Celine Park, a freshman at Oxford Academy, said this class is a unique opportunity for second-generation Korean Americans like her who haven’t had a way to synthesize Korean and American history in their lives.
“I wanted to meld these two together, to make these connections between the two histories and bond my own identity, while helping other second-generation Korean Americans like me,” Park said.
It has also inspired pride in students’ families. Yuri Yamachika, a first-year student at Oxford Academy, said that her mom, a first-generation Korean American, didn’t have many opportunities to learn about her culture beyond what her own parents shared with her.
“She was excited and proud that we have a course to learn about our own heritage,” said Yamachika. “She’s glad I took it.”
Parents are a crucial firsthand source of information in the course. Understanding that every student has an ethnic heritage is a key part of the ethnic studies discipline. Kim encouraged his students, no matter their background, to learn and reflect on their families’ stories.
“Sometimes parents haven’t had a chance to tell these stories, because there’s a language barrier or a cultural barrier,” Kim said. “But if I make it a class assignment, they’re much more inclined to ask — and parents are much more inclined to tell their story.”
That makes the course a draw to students — including those who aren’t Korean American.
When Karina Soliman interviewed her father for a class assignment, she learned about the discrimination he faced as an Egyptian in the post-9/11 era, when Arab Americans were widely stereotyped as terrorists. The senior at Savanna High School connected this to the stereotypes that other ethnic groups in the U.S. have faced. She hopes the course will help her model the importance of respecting others’ stories.
“I’ve grown more cognizant of other cultures and other people, and realizing how important that is,” Soliman said.
Students in Kim’s class will also participate in a civic project of students’ own choosing. This is a facet that has earned the notice of the California Asian American & Pacific Islander Legislative Caucus. In a letter of support, Assemblymember Evan Low and state Sen. Dave Min praised the course for “allowing students to foster collaborations and partnership with Asian American organizations.”
This new course also represents a high-water mark for scholars who have promoted Korean American studies. It was only recently that there was a critical mass of scholars interested in Korean American history, Chang said. There’s a growing interest in the field in higher education, but promoting it at the K-12 level has been a major goal of scholars.
Korean American history didn’t make it into the early drafts of the state’s ethnic studies model curriculum, but scholars pushed back, said Cho. The state’s model curriculum now includes a lesson on the L.A. civil uprising of 1992, known as Saigu or 4/29 among Korean Americans, which marked a turning point in the community’s identity.
Chang said that he looks forward to students like Kim arriving at college.
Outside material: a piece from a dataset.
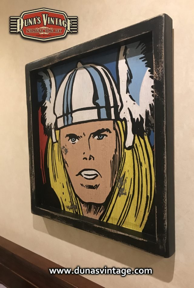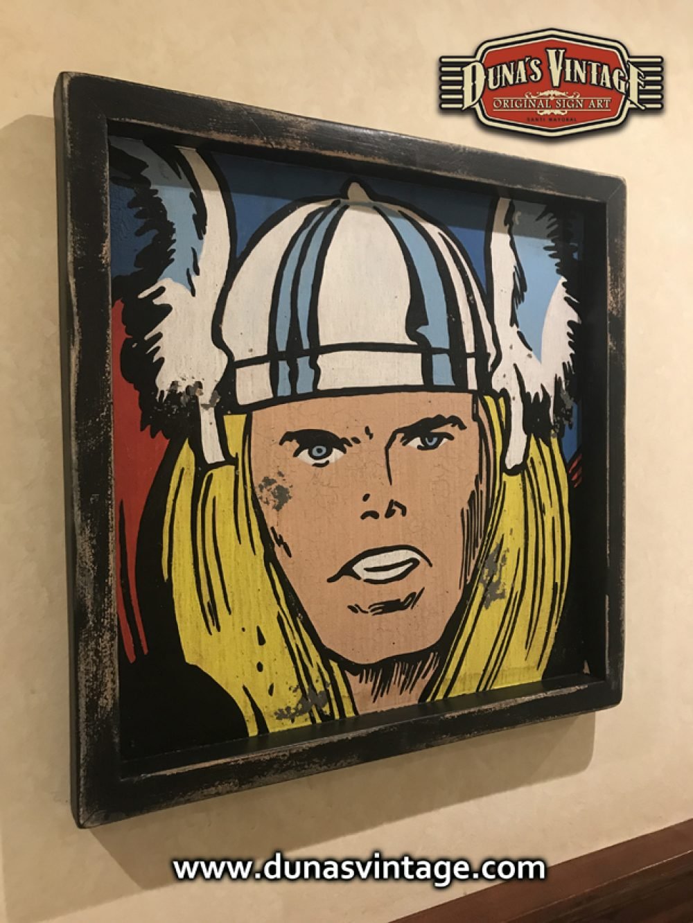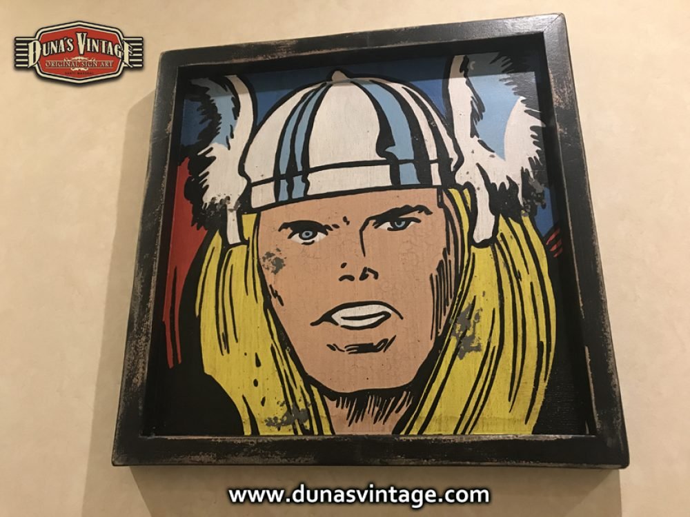 Cartel de Madera Superhéroes Vintage Thor, tamaño 550x550mm pintando a mano y con efecto Vintage.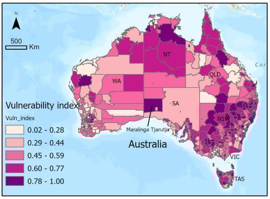 Overall, the vulnerability index shows higher vulnerability and, thus, predicts higher risk throughout NSW, northern QLD, and northern NT.

He has seen students’ eyes widen as they learn about their own history. He believes college is too late for that experience.
Kim said in the early days of deciding to push forward with the curriculum, he felt like he was taking a big risk. He worried about how the course might be misunderstood, but he feels like it has paid off. Now he reminds his students of their own role in blazing a trail for the next generation of students. His students are already eager to see that continue.
Soliman has advice for teachers or administrators considering a course like this: “Don’t be afraid to put it out there, or to start a conversation for that kind of course to be created because it can greatly impact and inform a lot of students on topics that they’re not traditionally going to learn about until college.”